Retype, with no pictures, each line from the one that holds "respectively. | |||||||||||" through the last line of the entries below, both included.

**RECORDS TO PROCESS:**
=== Begin Enclosure ===
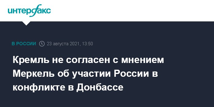 Москва. 23 августа. INTERFAX.RU - В Кремле не согласны с мнением канцлера Германии Ангелы Меркель о том, что Россия является участницей конфликта в Донбассе, Россия не имеет к сторонам конфликта никакого отношения, заявил на брифинге пресс-секретарь президента России Дмитрий Песков.
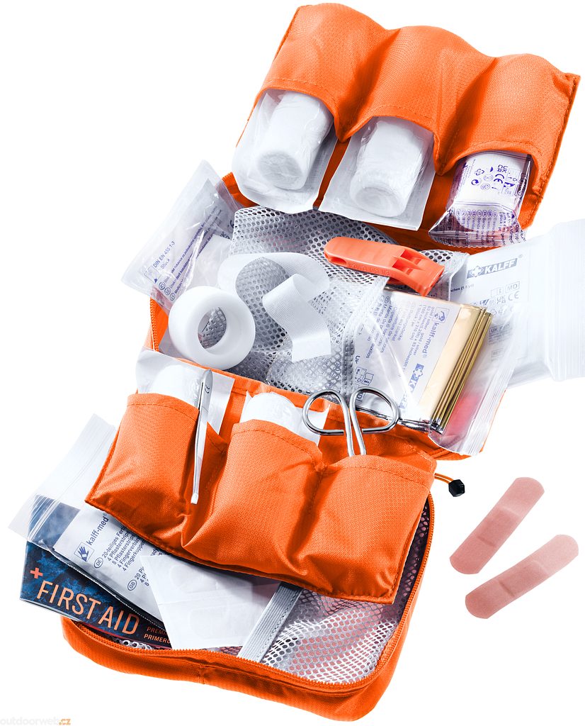 Naše velmi dobře vybavená lékárnička obsahuje rozsáhlý materiál pro první pomoc, jako jsou nůžky na obvazy, spousta obvazů – a navíc volný prostor pro osobní léky nebo jiné doplňky. Vysoce kvalitní lékárnička je proto tím pravým vybavením pro velkou rodinnou nebo skupinovou túru. Základní vybavení bylo vybráno podle lékařských doporučení.
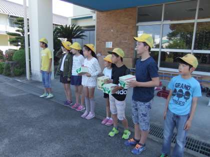 今朝は、緑の羽根募金を行いました。代表委員が募金箱をもってピロティに立ち、元気よく挨拶をしていました。来週の月曜日も行いますので、よろしくお願いします。
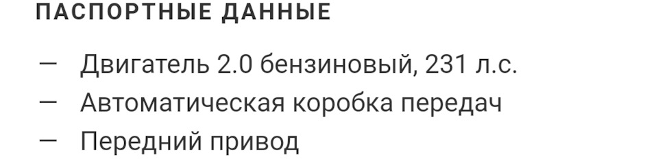 - Двигатель 2.0 бензиновый, 231 л. с.
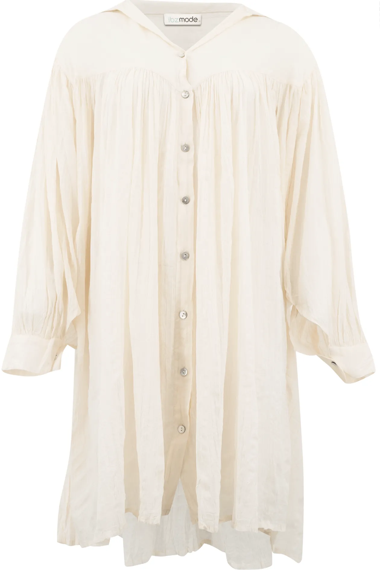 Tritt ein in die Welt der mühelosen Eleganz mit der Tunika Nona Ecru. Diese übergroße Tunika aus 100 % Baumwolle bietet eine luftige und bequeme Passform, die perfekt für Sommerabenteuer ist. Der Stehkragen und der Knopfverschluss verleihen ihr einen raffinierten Touch, während die engeren Handgelenke und das lockere Unterkleid für einen verspielten Twist sorgen. Kombiniere es mit trendigen Sandalen und einer großen Sonnenbrille für den ultimativen Ibiza-Style. Fühle dich selbstbewusst und strahle in dieser vielseitigen Tunika!
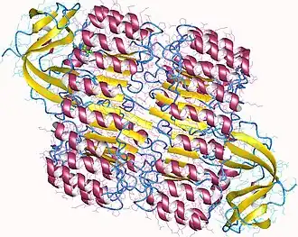 ![]() Top view of porcine ribonuclease inhibitor, showing its horseshoe shape.[1] The outer layer is composed of α-helices and the inner layer of parallel β-strands. The inner and outer diameters are roughly 2.1 nm and 6.7 nm, respectively. | |||||||||||
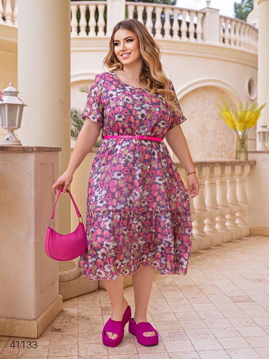 Сукня шифонова великих розмірів. Тканина: шифон плюс підклад з софта. Ремінь у комплект не входить.
=== End Enclosure ===
**WRITTEN RESPONSE:**
 ![]() Top view of porcine ribonuclease inhibitor, showing its horseshoe shape.[1] The outer layer is composed of α-helices and the inner layer of parallel β-strands. The inner and outer diameters are roughly 2.1 nm and 6.7 nm, respectively. | |||||||||||
 Сукня шифонова великих розмірів. Тканина: шифон плюс підклад з софта. Ремінь у комплект не входить.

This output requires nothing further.